## DATA EXCERPT
++++++++++

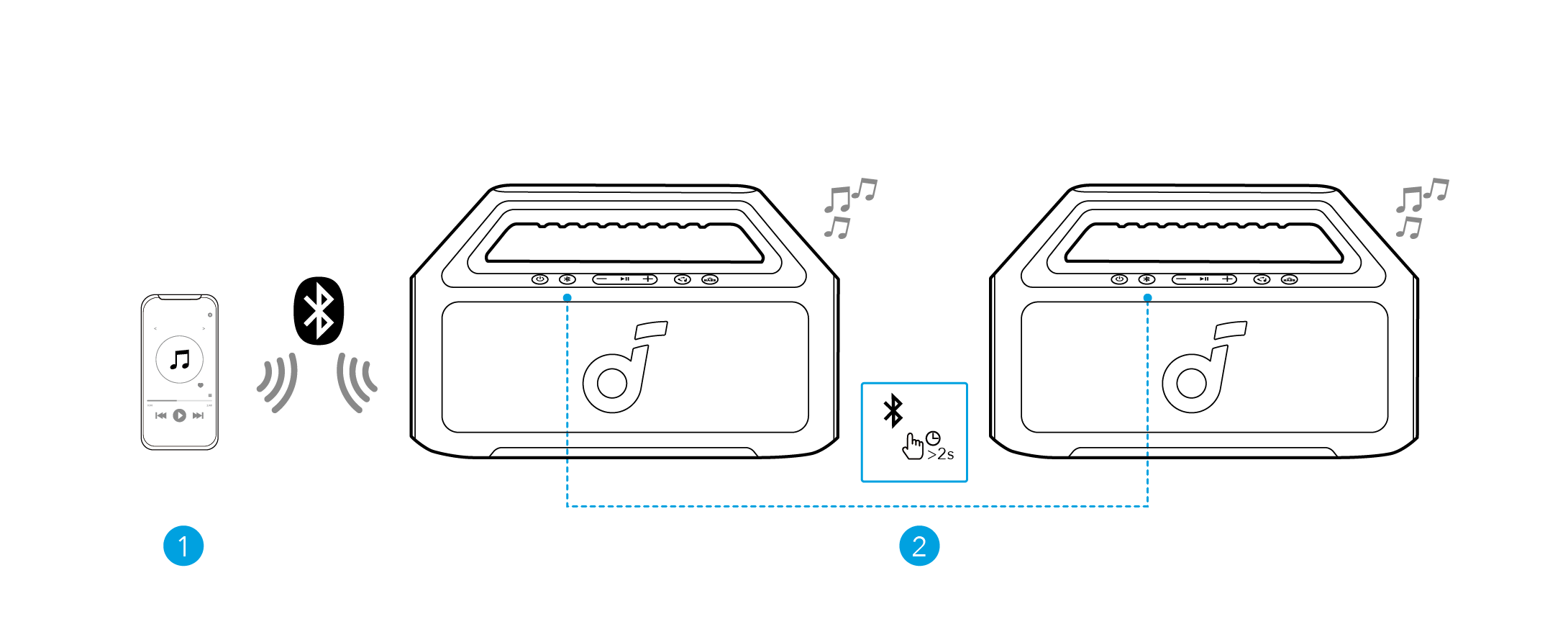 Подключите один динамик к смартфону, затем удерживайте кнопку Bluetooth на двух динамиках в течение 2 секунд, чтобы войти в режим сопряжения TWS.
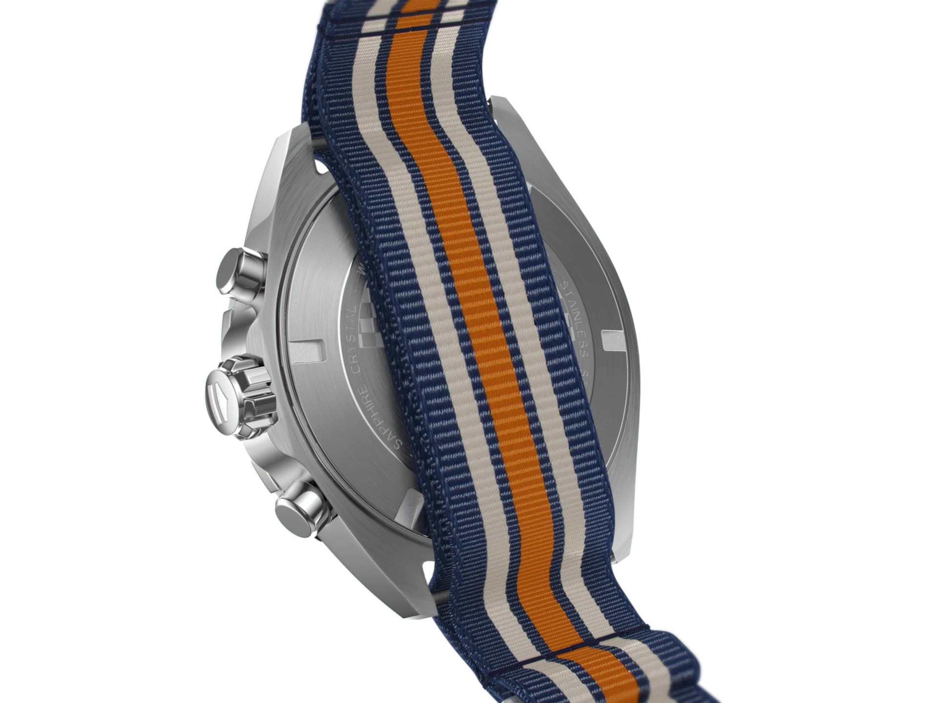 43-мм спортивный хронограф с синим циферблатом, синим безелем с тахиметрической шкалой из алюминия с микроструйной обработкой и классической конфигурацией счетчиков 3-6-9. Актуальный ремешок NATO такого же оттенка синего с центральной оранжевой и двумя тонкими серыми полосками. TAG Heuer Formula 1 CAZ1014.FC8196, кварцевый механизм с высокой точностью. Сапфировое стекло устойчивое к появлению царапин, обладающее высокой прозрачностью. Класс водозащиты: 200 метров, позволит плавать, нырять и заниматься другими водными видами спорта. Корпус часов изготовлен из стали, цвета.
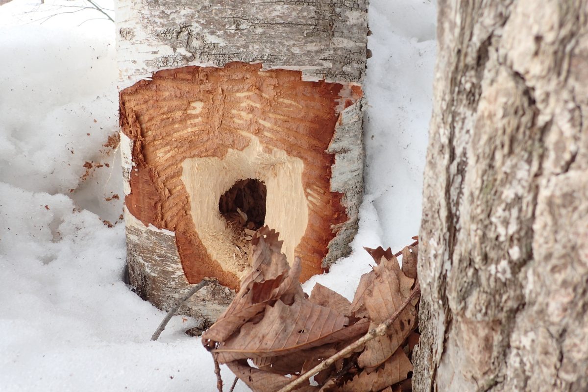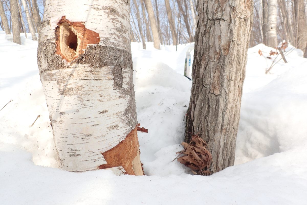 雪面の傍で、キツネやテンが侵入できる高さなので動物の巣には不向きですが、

++++++++++

## WORK REQUEST
When copying the listing, skip the pictures and keep each line exactly as written.

## ANSWER BELOW
 Подключите один динамик к смартфону, затем удерживайте кнопку Bluetooth на двух динамиках в течение 2 секунд, чтобы войти в режим сопряжения TWS.
 43-мм спортивный хронограф с синим циферблатом, синим безелем с тахиметрической шкалой из алюминия с микроструйной обработкой и классической конфигурацией счетчиков 3-6-9. Актуальный ремешок NATO такого же оттенка синего с центральной оранжевой и двумя тонкими серыми полосками. TAG Heuer Formula 1 CAZ1014.FC8196, кварцевый механизм с высокой точностью. Сапфировое стекло устойчивое к появлению царапин, обладающее высокой прозрачностью. Класс водозащиты: 200 метров, позволит плавать, нырять и заниматься другими водными видами спорта. Корпус часов изготовлен из стали, цвета.
 雪面の傍で、キツネやテンが侵入できる高さなので動物の巣には不向きですが、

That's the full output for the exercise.